Midnight Screenings 2015 / The Nightmare / USA 2015
The midnight hit of the Sundance festival combines elements of horror fiction and documentary to create an exceptionally powerful statement about sleep paralysis, a transitional state between wakefulness and slumber during which an individual temporarily loses muscle control. Would you dare enter an actual world of terrifying experiences for which there is still no satisfactory explanation?

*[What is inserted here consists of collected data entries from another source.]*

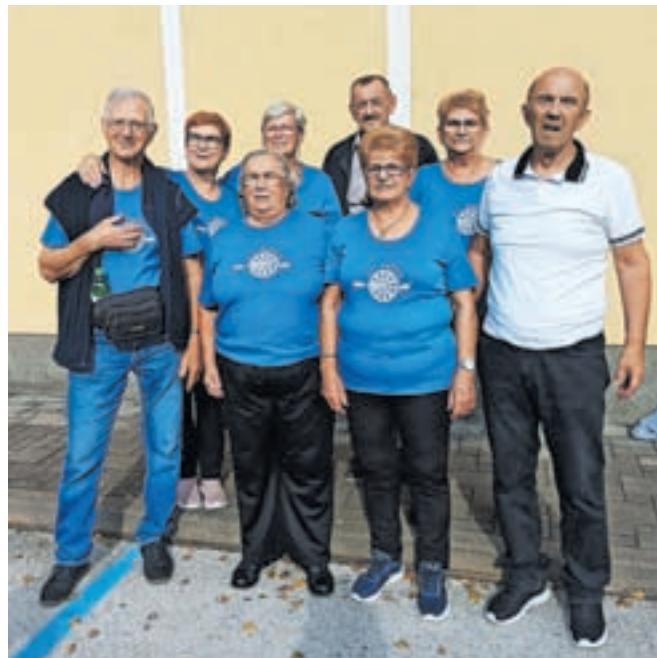
Kamniški udeleženci tekmovalja

Letošnje državno prvenstvo je bilo v sredo, 4. oktobra, v Škocjanu na Dolenjskem.
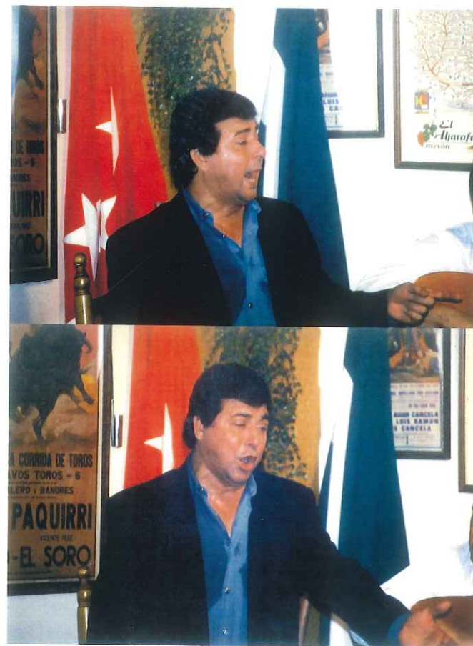
Dos expresiones del cantaor Fernando Gálvez, durante su actuación en un Centro Cultural Flamenco
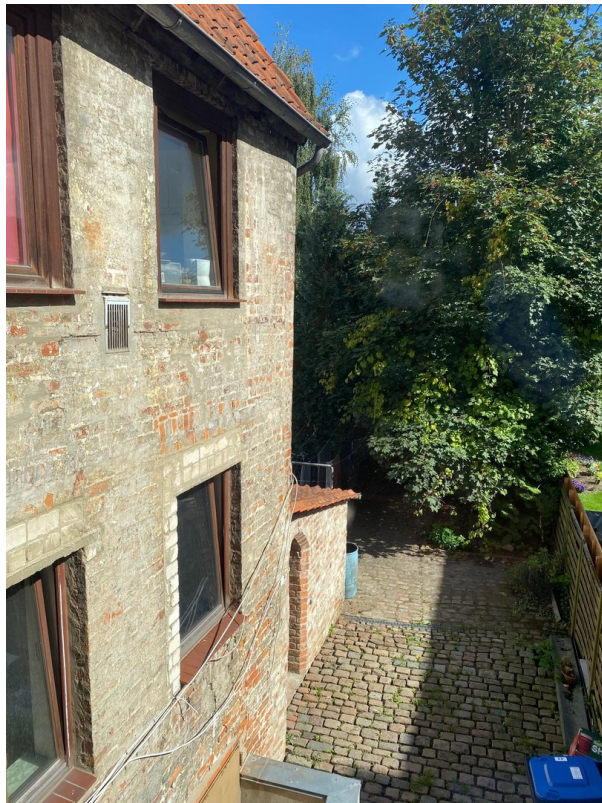
Blick zum Garten
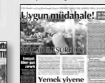
13.05.2013 Yangın ve Güvenlik Dergisi
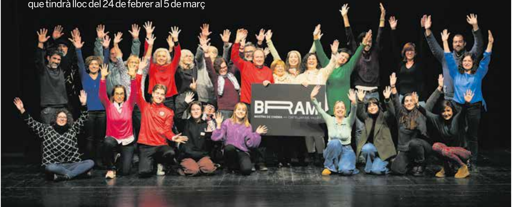
Els diferents participants i responsables de la mostra de cinema social es van fer una foto de família dimecres a la tarda després de presentar les novetats d'aquesta edició. || Q. PASCUAL

Es projectaran 17 pel·lícules a la mostra que tindrà lloc del 24 de febrer al 5 de març
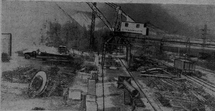
На снимке: общий вид монтажной площадки.

Еще совсем недавно здесь был лес, а теперь раскинулась новая монтажная площадка Северо-Западного управления треста «Коксохиммонтаж». На ней организованы сварочно-монтажные работы по изготовлению крупногабаритных металлоконструкций.
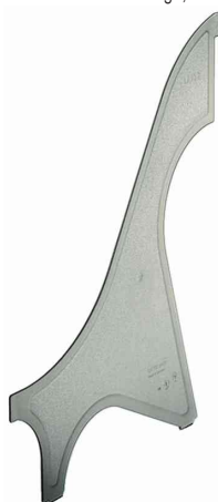
Accessoires: paroi de séparation
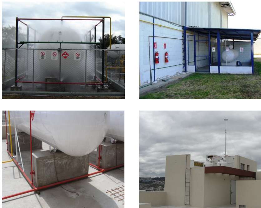
Figura 4: a) Sistema de enfriamiento sobre tanque b) Restricción al paso de extraños c) Puesta a tierra d) Pararrayos que protege el área de almacenamiento.
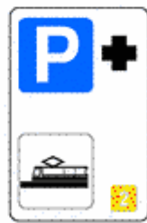
Figura II 370 Art. 136

Indica od avvia a un parcheggio di scambio ubicato vicino ad una fermata o un capolinea di servizi di pubblico trasporto.
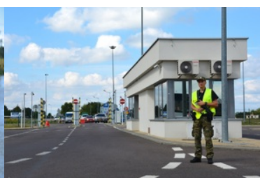
służba w Nadbużańskim Oddziale Straży Granicznej
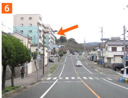
6 左手にスーパーサニーに見て南へ直進してくると(自由ヶ丘1丁目交差点)左手に建物の下半分がグリーンのマンションがあります。そのマンションの1階になります。
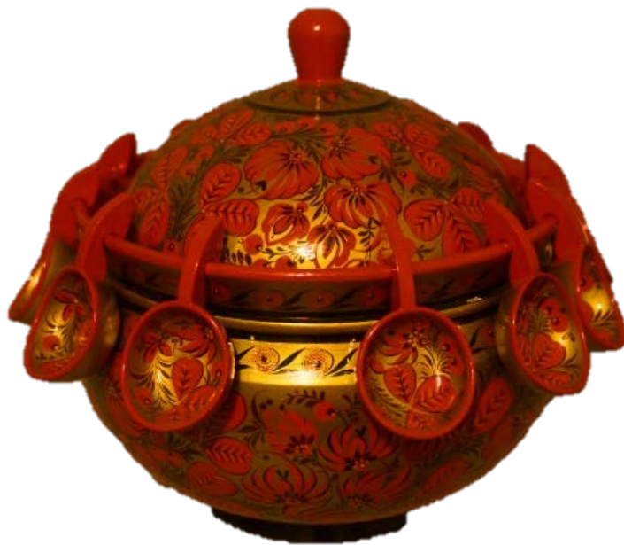
Рис 4. Н.А.Гущин. Набор «Супница с деревянными ложками» 2016г.
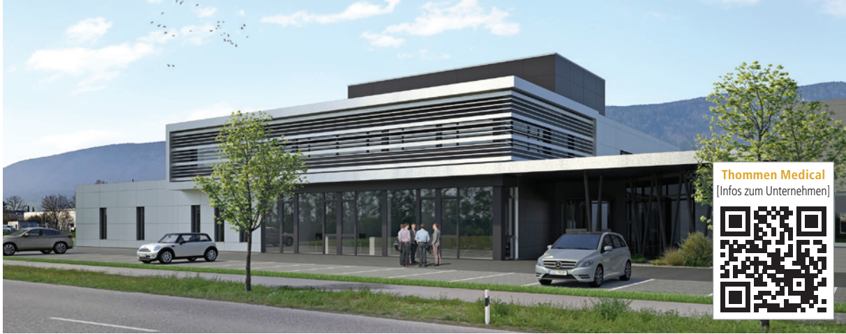
Neues Produktions- und Kundencenter
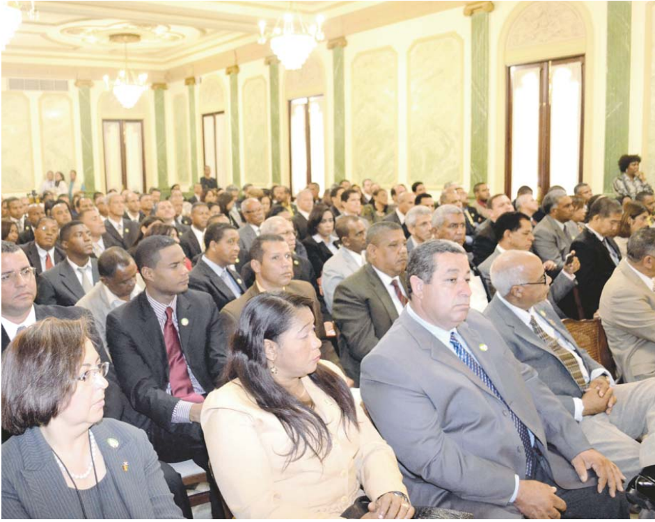
Público que asistió a la actividad.
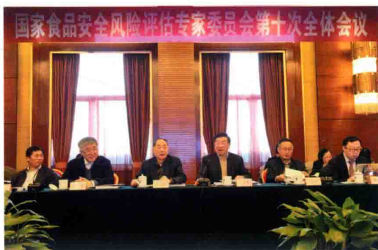
2016年2月24日，国家食品安全风险评估专家委员会第十次全体会议在北京召开
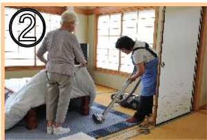
② 一緒に掃除をする
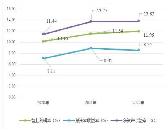
图 4 2020—2022 年公司盈利指标
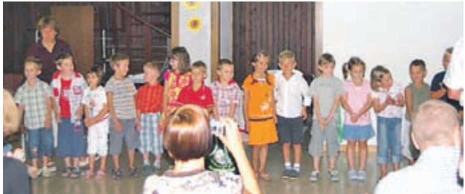
Po mnogih letih, če ne celo prvič v zgodovini šole, je v prvem razredu le en oddenek, v njem pa je 27 prvošolcev.

Za novo šolsko leto smo se začeli pripravljati že pomladi. Najprej je bil vpis v prvi razred, kjer smo se že zelo kmalu zavedeli, da vseh vpisanih ne bo zadosti za dva oddelka. Po mnogih letih, če ne prvič v zgodovini šole, imamo tako v prvem razredu le en oddenek, v njem pa 27 učenk in učencev. Vpisu v prvi razred je sledil še vpis v vrtec, kjer se je po vpisu pokazalo, da bo potrebno zagotoviti pogoje za dodatno skupino. Eno z drugim se je lepo izšlo - vpisanih otrok v vrtec ni bilo treba odklanjati. Tako imamo v vrtcu 125 otrok v eni skupini prvega starostnega in petih skupinah drugega
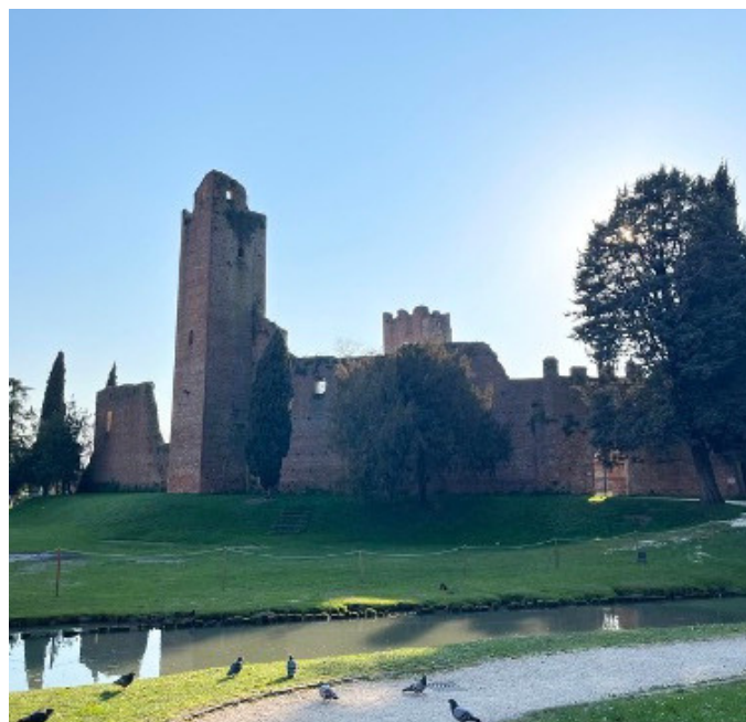
La Rocca dei Tempesta di Noale

Un'altra festa che è di tradizione è il Palio di Noale che è la mia tradizione preferita perché mi piace vedere i bambini sfilare, i vari costumi, il cibo, vedere gli spettacoli degli sbandieratori, tutti i banchetti, degli animali e gli sputafuoco. Questa manifestazione ha come scopo di ricordare quello che era il passato della città in epoca medioevale e come simbolo principale c'è il saluto da parte di ogni contrada al loro signore Lampedusio Tempesta. Una particolarità che ho notato di questa meravigliosa Noale è che è divisa in isolotti dal fiume Marzenego, isolotti che sono collegati tra loro tramite ponti. Un'altra festa molto bella è la festa dei fiori che rappresenta un tappeto dei fiori nel quale i ragazzi della prima comunione lo calpestando e viene chiamato "corpus domini".
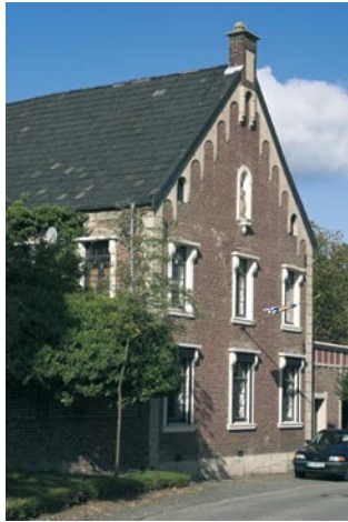
Haus Saran Millen
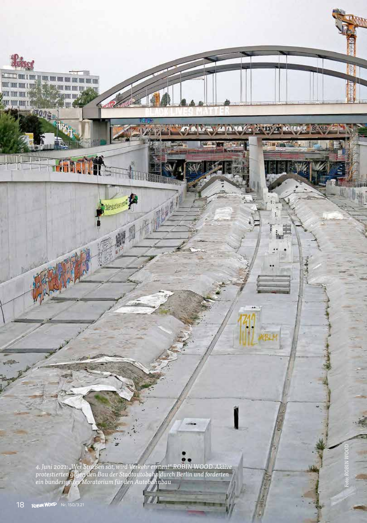
4. Juni 2021: „Wer Straßen sät, wird Verkehr ernten!“ ROBIN WOOD-Aktive protestierten gegen den Bau der Stadtautobahn durch Berlin und forderten ein bundesweites Moratorium für den Autobahnbau
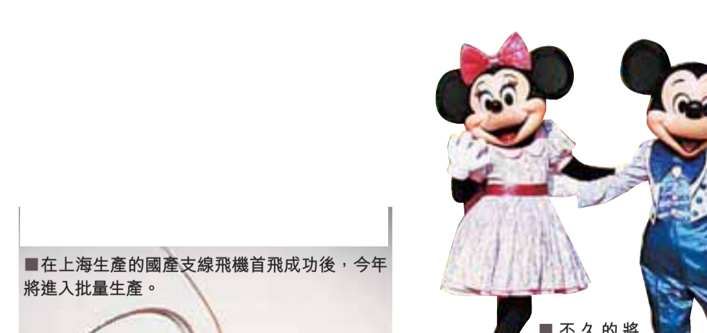
■不久的將來，米奇老鼠將在浦東安家。

Welcome to a world where chilling nightmares become reality. When you lie down to sleep at night, your body starts to relax but your mind remains aware and can merely watch as you lose all ability to control your motionless body in the darkened bedroom. Suddenly, the door opens and something intangible creeps toward the bed until the hairs on your neck stand on end. You feel a growing anxiety from the evil that slowly begins to take shape. Welcome to the world of sleep paralysis, a state between waking and sleeping that countless individuals experience every day. Even if they don’t know each other, many of these people have the same experience, the same terrifying spectral visits. This chillingly realistic film, one of this year’s Sundance sensations, works with the tools of the horror genre but at its core it remains a pure documentary about a phenomenon for which scientists have yet to find a satisfactory explanation.
Hubert Poul
91 min / Color, DCP
Director Rodney Ascher
/ Dir. of Photography Bridger Nielson
/ Music Jonathan Snipes
/ Editor Rodney Ascher, Saul Herckis
/ Art Director Ben Spiegelman
/ Producer Ross M. Dinerstein
/ Production Campfire
/ Coproduction Zipper Bros Films
/ Sales Kew Media Group
Rodney Ascher has shot countless short films and commercials for clients such as EA Games, Capitol Records and VH1, but he only achieved greater international acclaim in recent years. In his short documentary The S from Hell (2010), he explored the unsettling cryptic meaning of one particular corporate logo. His first feature-length documentary and best known film so far, Room 237 (2012), a creative interpretation of Stanley Kubrick’s The Shining, also screened at Karlovy Vary. He also contributed a short segment to the horror omnibus The ABCs of Death 2 (2014). His second feature-length film, The Nightmare (2015), reaffirms his position as an uncommonly original filmmaker.